- **Your objective**:
Retype exactly what runs from the first line of the data to the line with "Questo documento raccoglie", keeping both of those lines and skipping pictures.

- **Items from a dataset**:
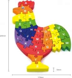 Întreprindeți o călătorie educativă distractivă cu puzzleul 3D din lemn în formă de cocoş, care nu doar facilitează învățarea alfabetului, dar și dezvoltă motonitatea fină și gândirea logică a copiilor. Fiecare piesă este marcată cu o literă din alfabetul englez, lucru ce susține recunoașterea literelor și abilitățile lingvistice.
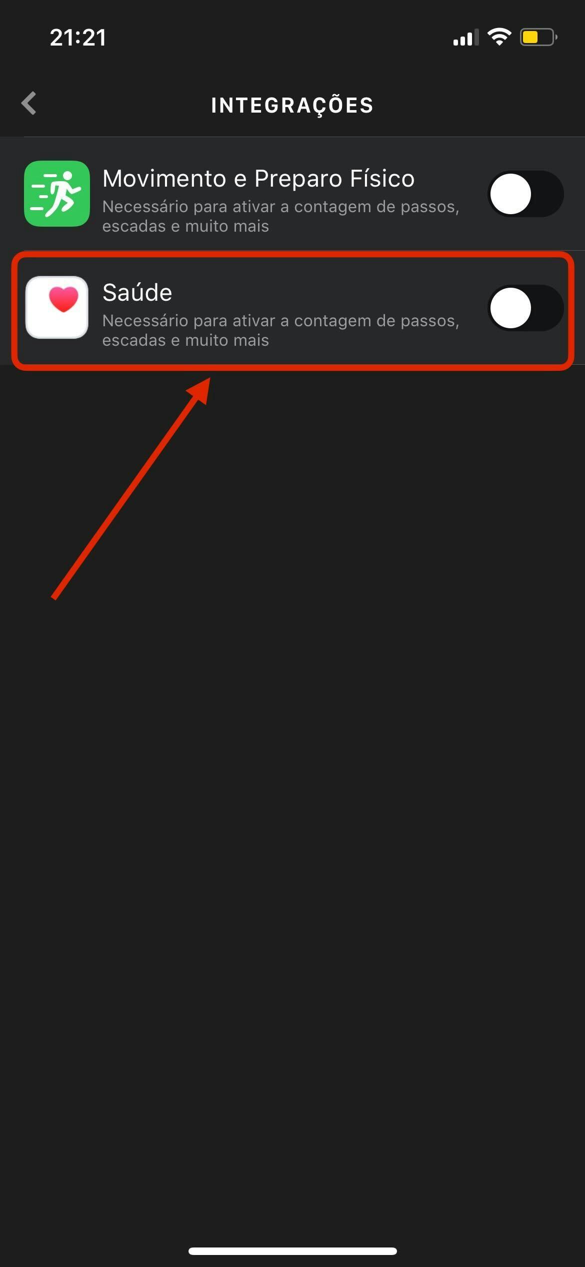 Pode igualmente integrar a app Muscle Booster com a Apple Health, para que a aplicação sincronize quaisquer passos registados pelo seu telemóvel ou pelo Apple Watch. Consulte as instruções abaixo para configurar:
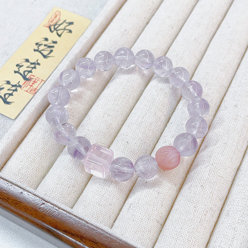 MaisieLin | Alternating Rose Quartz Cube and Amethyst Round Bead Stretch Cord Bracelet
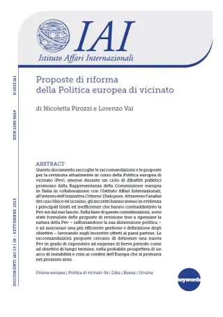 Questo documento raccoglie le raccomandazioni e le proposte per la revisione attualmente in corso della Politica europea di vicinato (Pev), emerse durante un ciclo di dibattiti pubblici promosso dalla Rappresentanza della Commissione europea in Italia in collaborazione con l’Istituto Affari Internazionali, all’interno dell’iniziativa Citizens’ Dialogues. Attraverso l’analisi del caso libico ed ucraino, gli incontri hanno messo in evidenza i principali limiti ed inefficienze che hanno contraddistinto la Pev sin dal suo lancio. Sulla base di queste considerazioni, sono state formulate delle proposte di revisione tese a ripensare la natura della Pev – rafforzandone la sua dimensione politica – e ad assicurare una più efficiente gestione e definizione degli obiettivi – lavorando sugli incentivi offerti ai paesi partner. Le raccomandazioni proposte cercano di delineare una nuova Pev in grado di rispondere ad esigenze di breve periodo come ad obiettivi di lungo termine, nella probabile prospettiva di un arco di instabilità e crisi ai confini dell’Europa che si protrarrà nei prossimi anni.
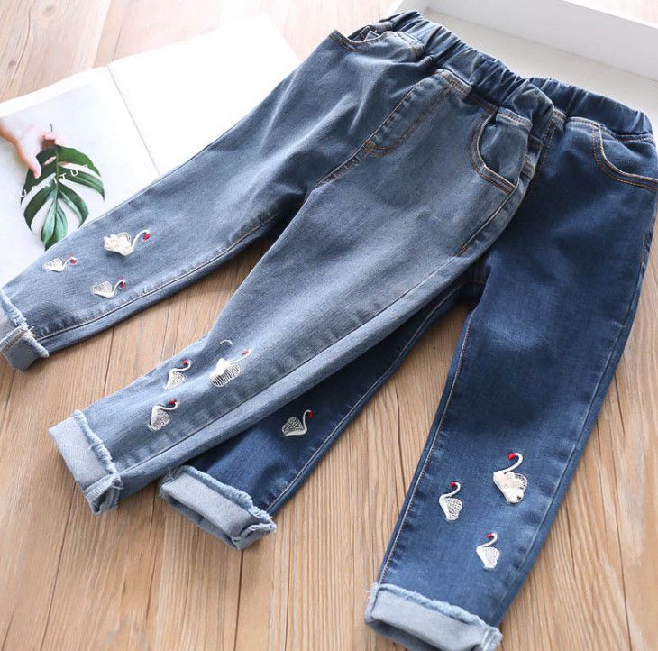 2019 الخريف أطفال جينز بنات لطيف سوان التطريز الدنيم السراويل الأطفال جيب مزدوج عارضة كاوبوي بنطلون ملابس الاطفال الكرتون F8441 2020 From Summervivi 322 60ر س موبايل بوابة Dh
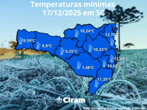 O registro de geada em Santa Catarina, durante o mês de dezembro é um evento de baixa frequência e atípico para época do ano, e foi registrado no amanhecer da quinta-feira (04/12/25) em São Joaquim. Desde 1949, quando começaram os registros, foram identificados apenas 32 casos no Estado, número baixo do fenômeno, já que o…
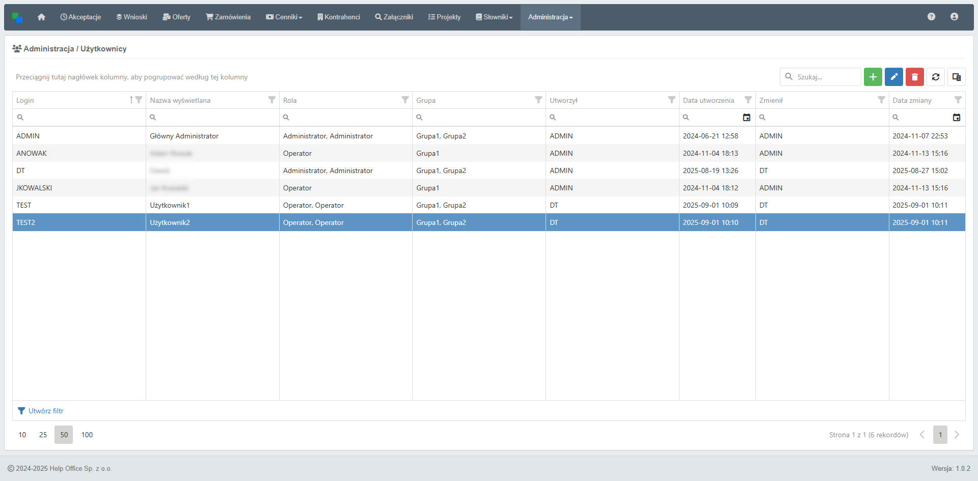Pełna lista użytkowników, biorących udział w obrocie dokumentów systemu.
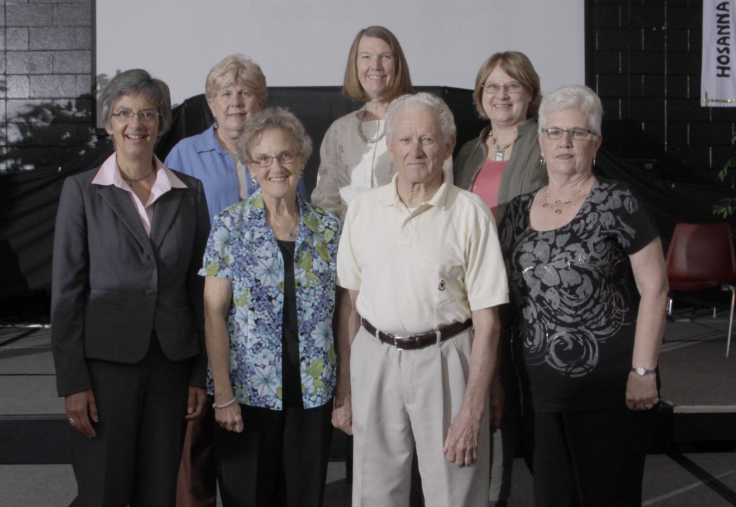 White Plains Founders. Front row, left to right: Bishop Hope Morgan Ward, Sandy Sheppard, Fred Pippin, Faye Ballington. Back row, left to right: Bette Anne Stephenson, Babs Gallion, Vicki DeMaster. Not pictured: Rosemary Gaddy. Photo courtesy Thomas Babb, Babb Photography.
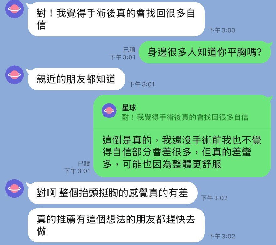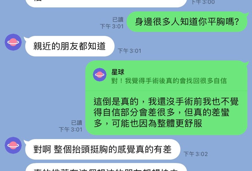 如果你也在考慮平胸手術,歡迎和我聊聊,
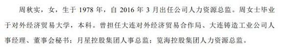 据上海人寿发布的2019年二季度偿付能力报告显示,周秋实是个70后,今年41岁,2016年3月开始担任上海人寿人力资源总监。报告提到,周秋实本科学历,毕业于对外经济贸易大学。此前曾在多个公司担任与人力资源相关的职业。
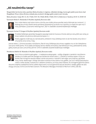 Galite panaudoti dalijamąją medžiagą „Aš neužmiršiu tavęs“, kad padėtumėte mokiniams geriau suvokti, jog Dangiškasis Tėvas ir Jėzus Kristus jų neužmirš. Kai kurias arba visas dalijamojoje medžiagoje pateiktas citatas ir Raštų nuorodas galite išdėlioti po visą klasę.
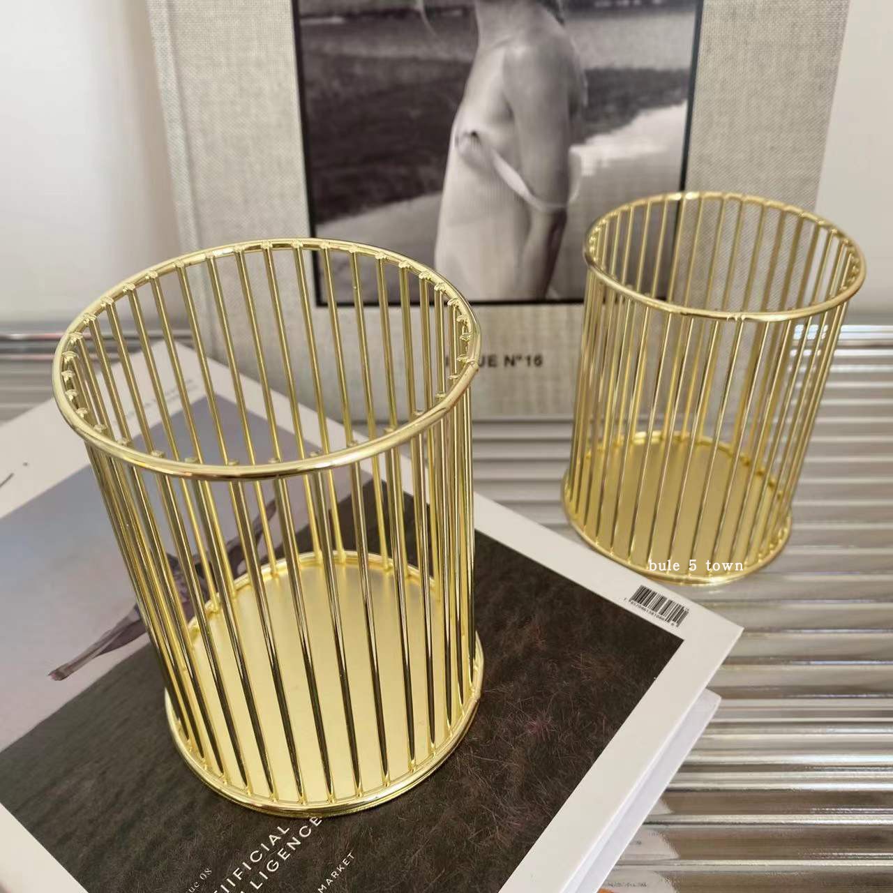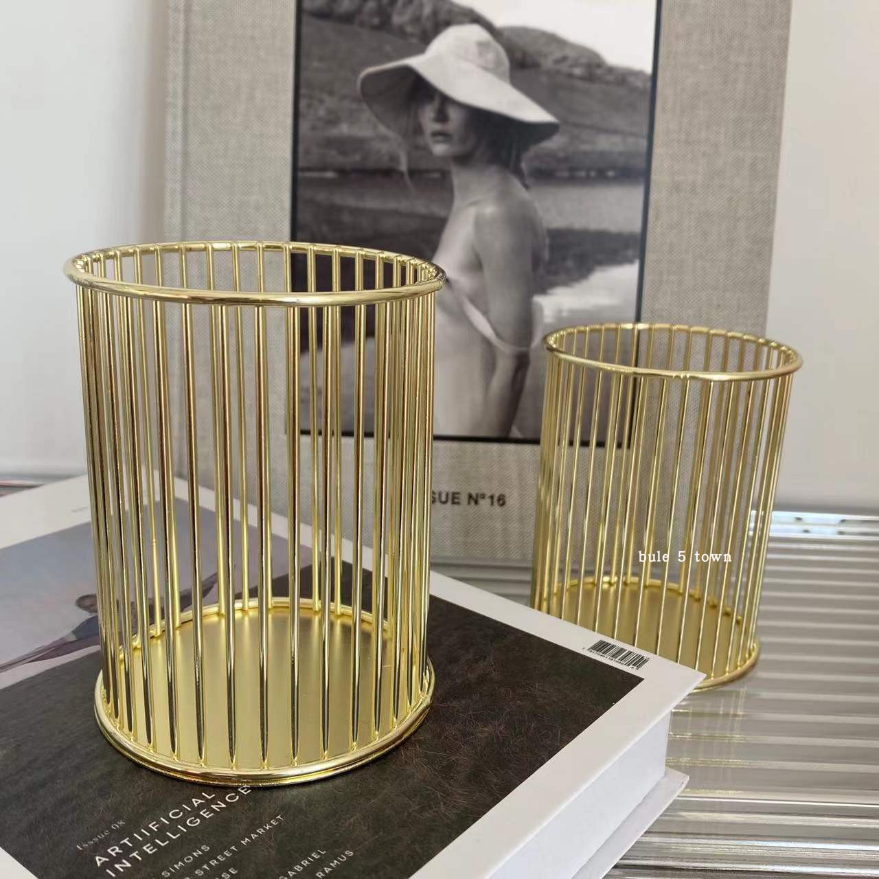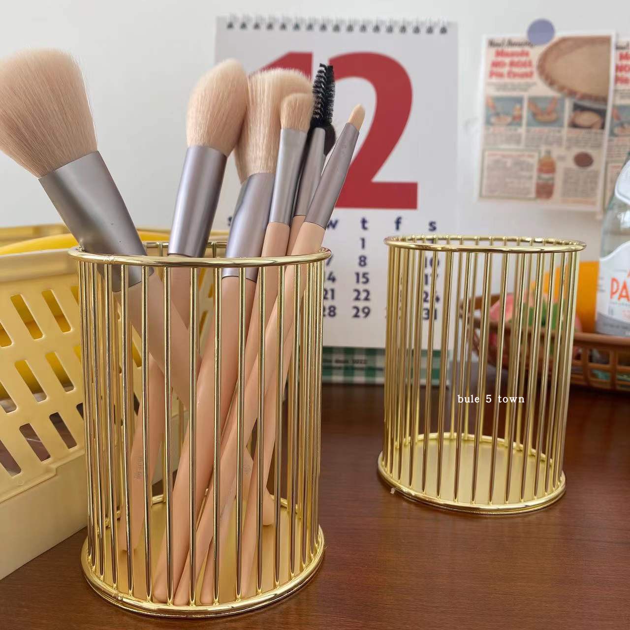 海斯迪克 金色笔筒收纳桶 10*8cm 1个
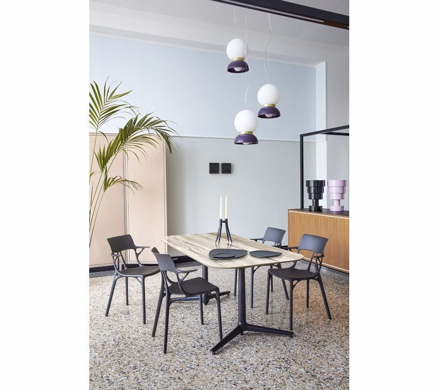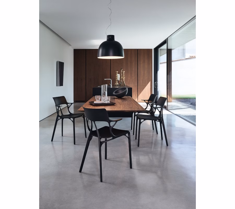 Kartell continues its ongoing commitment to sustainability with eco-friendly products which are part of the broader project expressed by the industrial manifesto Kartell loves the planet. A.I. is the chair created for the first time ever using recycled material, in which aesthetics and structural requirements remain unaltered, blending seamlessly with generative design.

- **Written reply**:
 Întreprindeți o călătorie educativă distractivă cu puzzleul 3D din lemn în formă de cocoş, care nu doar facilitează învățarea alfabetului, dar și dezvoltă motonitatea fină și gândirea logică a copiilor. Fiecare piesă este marcată cu o literă din alfabetul englez, lucru ce susține recunoașterea literelor și abilitățile lingvistice.
 Pode igualmente integrar a app Muscle Booster com a Apple Health, para que a aplicação sincronize quaisquer passos registados pelo seu telemóvel ou pelo Apple Watch. Consulte as instruções abaixo para configurar:
 MaisieLin | Alternating Rose Quartz Cube and Amethyst Round Bead Stretch Cord Bracelet
 Questo documento raccoglie le raccomandazioni e le proposte per la revisione attualmente in corso della Politica europea di vicinato (Pev), emerse durante un ciclo di dibattiti pubblici promosso dalla Rappresentanza della Commissione europea in Italia in collaborazione con l’Istituto Affari Internazionali, all’interno dell’iniziativa Citizens’ Dialogues. Attraverso l’analisi del caso libico ed ucraino, gli incontri hanno messo in evidenza i principali limiti ed inefficienze che hanno contraddistinto la Pev sin dal suo lancio. Sulla base di queste considerazioni, sono state formulate delle proposte di revisione tese a ripensare la natura della Pev – rafforzandone la sua dimensione politica – e ad assicurare una più efficiente gestione e definizione degli obiettivi – lavorando sugli incentivi offerti ai paesi partner. Le raccomandazioni proposte cercano di delineare una nuova Pev in grado di rispondere ad esigenze di breve periodo come ad obiettivi di lungo termine, nella probabile prospettiva di un arco di instabilità e crisi ai confini dell’Europa che si protrarrà nei prossimi anni.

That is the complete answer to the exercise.